Top of Source material

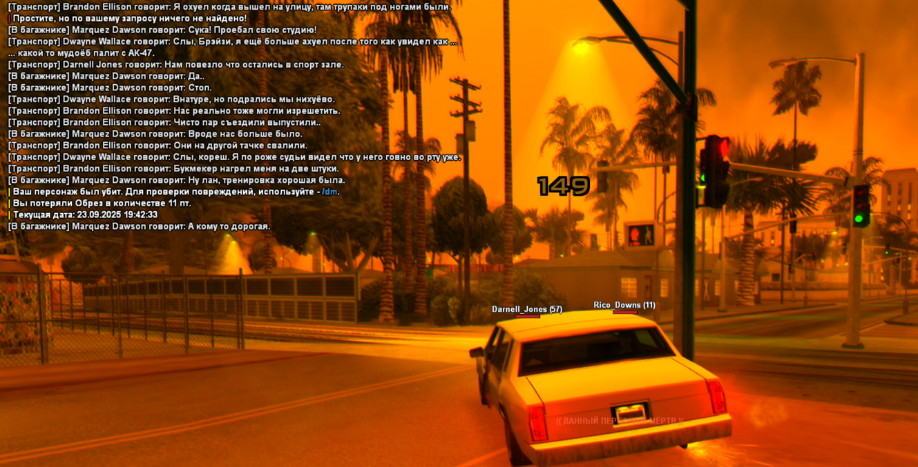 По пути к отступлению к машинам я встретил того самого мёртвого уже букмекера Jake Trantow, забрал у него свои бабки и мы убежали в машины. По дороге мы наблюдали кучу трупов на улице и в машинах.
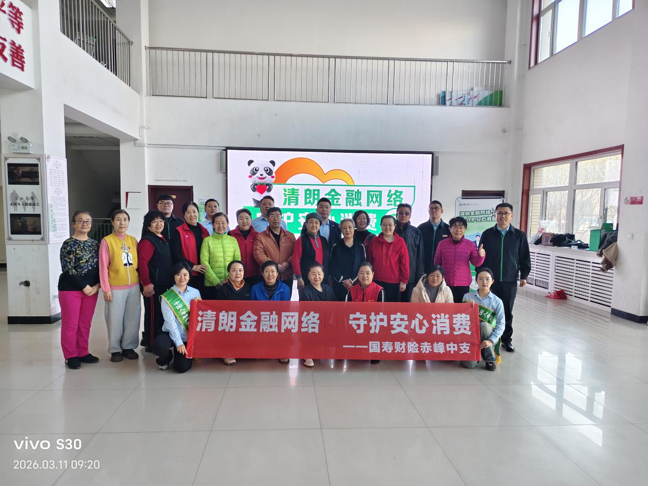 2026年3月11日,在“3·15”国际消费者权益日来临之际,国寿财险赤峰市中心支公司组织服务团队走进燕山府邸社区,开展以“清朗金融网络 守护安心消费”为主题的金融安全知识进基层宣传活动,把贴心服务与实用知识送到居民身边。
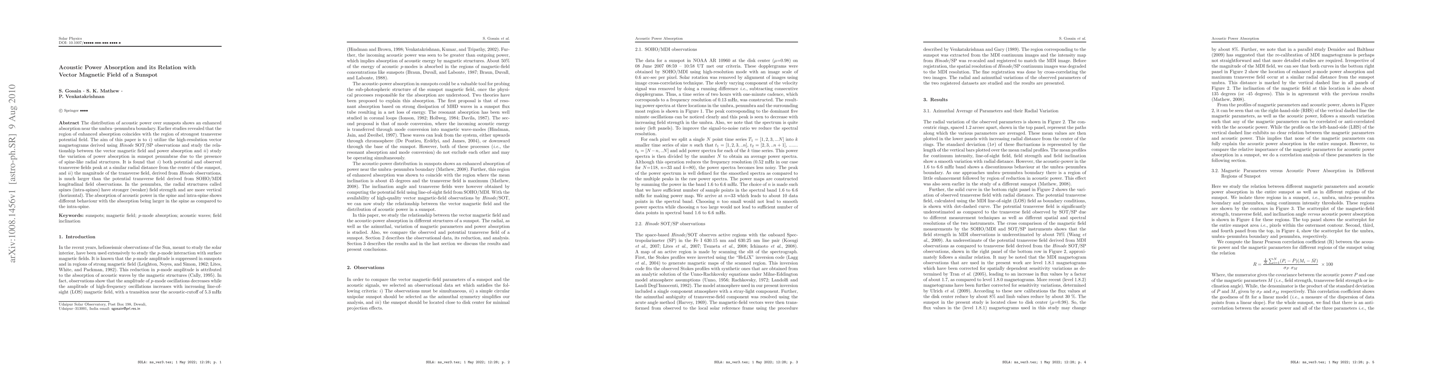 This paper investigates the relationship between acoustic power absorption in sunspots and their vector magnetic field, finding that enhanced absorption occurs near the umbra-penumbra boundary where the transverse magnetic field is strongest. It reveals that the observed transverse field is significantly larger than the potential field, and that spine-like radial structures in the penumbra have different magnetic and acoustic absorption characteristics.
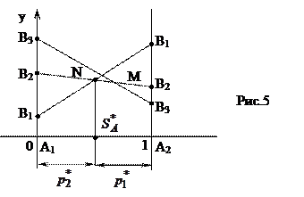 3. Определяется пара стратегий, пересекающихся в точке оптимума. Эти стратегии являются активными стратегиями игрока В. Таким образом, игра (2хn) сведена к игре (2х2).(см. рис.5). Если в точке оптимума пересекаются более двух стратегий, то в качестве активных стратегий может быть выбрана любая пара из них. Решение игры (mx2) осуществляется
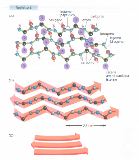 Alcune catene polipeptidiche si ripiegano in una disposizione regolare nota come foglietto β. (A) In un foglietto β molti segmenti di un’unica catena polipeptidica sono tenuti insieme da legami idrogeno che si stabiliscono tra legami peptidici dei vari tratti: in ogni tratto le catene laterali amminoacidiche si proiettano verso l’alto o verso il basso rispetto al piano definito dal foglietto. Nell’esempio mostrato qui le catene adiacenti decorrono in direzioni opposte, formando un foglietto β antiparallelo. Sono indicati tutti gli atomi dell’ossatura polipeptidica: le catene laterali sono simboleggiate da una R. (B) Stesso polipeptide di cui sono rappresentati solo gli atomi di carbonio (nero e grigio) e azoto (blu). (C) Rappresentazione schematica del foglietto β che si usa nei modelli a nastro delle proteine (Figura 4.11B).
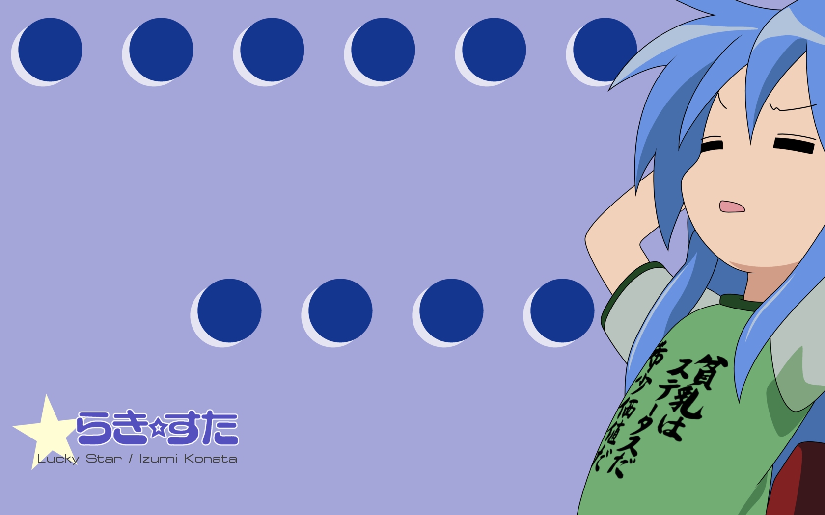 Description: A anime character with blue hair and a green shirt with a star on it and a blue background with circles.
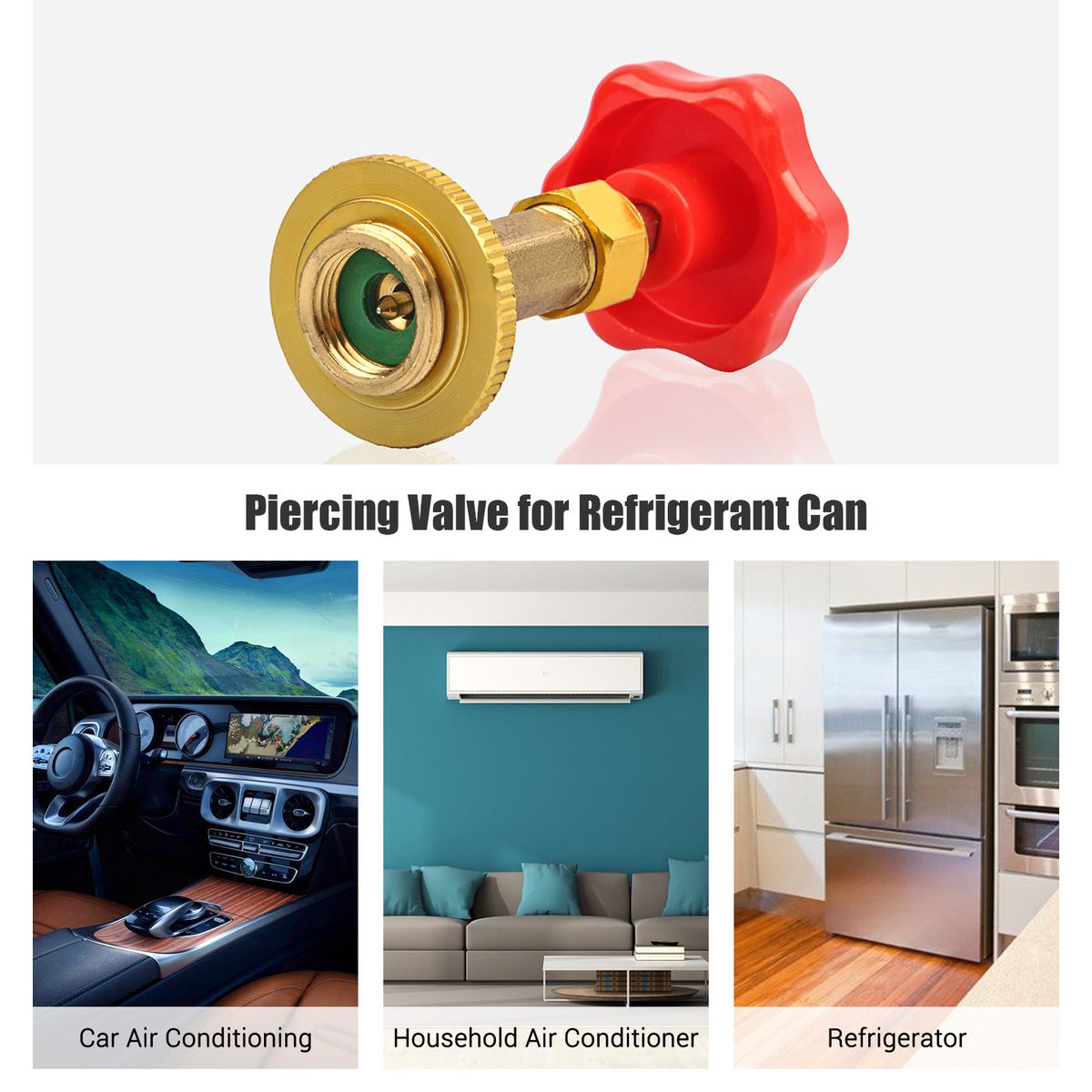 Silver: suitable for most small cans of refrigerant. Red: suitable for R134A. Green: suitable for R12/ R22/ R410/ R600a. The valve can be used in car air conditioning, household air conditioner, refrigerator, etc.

Bottom of Source material

§ Exercise description
An exact retyping of the entries, without images, is the required answer.

§ Final answer
 По пути к отступлению к машинам я встретил того самого мёртвого уже букмекера Jake Trantow, забрал у него свои бабки и мы убежали в машины. По дороге мы наблюдали кучу трупов на улице и в машинах.
 2026年3月11日,在“3·15”国际消费者权益日来临之际,国寿财险赤峰市中心支公司组织服务团队走进燕山府邸社区,开展以“清朗金融网络 守护安心消费”为主题的金融安全知识进基层宣传活动,把贴心服务与实用知识送到居民身边。
 This paper investigates the relationship between acoustic power absorption in sunspots and their vector magnetic field, finding that enhanced absorption occurs near the umbra-penumbra boundary where the transverse magnetic field is strongest. It reveals that the observed transverse field is significantly larger than the potential field, and that spine-like radial structures in the penumbra have different magnetic and acoustic absorption characteristics.
 3. Определяется пара стратегий, пересекающихся в точке оптимума. Эти стратегии являются активными стратегиями игрока В. Таким образом, игра (2хn) сведена к игре (2х2).(см. рис.5). Если в точке оптимума пересекаются более двух стратегий, то в качестве активных стратегий может быть выбрана любая пара из них. Решение игры (mx2) осуществляется
 Alcune catene polipeptidiche si ripiegano in una disposizione regolare nota come foglietto β. (A) In un foglietto β molti segmenti di un’unica catena polipeptidica sono tenuti insieme da legami idrogeno che si stabiliscono tra legami peptidici dei vari tratti: in ogni tratto le catene laterali amminoacidiche si proiettano verso l’alto o verso il basso rispetto al piano definito dal foglietto. Nell’esempio mostrato qui le catene adiacenti decorrono in direzioni opposte, formando un foglietto β antiparallelo. Sono indicati tutti gli atomi dell’ossatura polipeptidica: le catene laterali sono simboleggiate da una R. (B) Stesso polipeptide di cui sono rappresentati solo gli atomi di carbonio (nero e grigio) e azoto (blu). (C) Rappresentazione schematica del foglietto β che si usa nei modelli a nastro delle proteine (Figura 4.11B).
 Description: A anime character with blue hair and a green shirt with a star on it and a blue background with circles.
 Silver: suitable for most small cans of refrigerant. Red: suitable for R134A. Green: suitable for R12/ R22/ R410/ R600a. The valve can be used in car air conditioning, household air conditioner, refrigerator, etc.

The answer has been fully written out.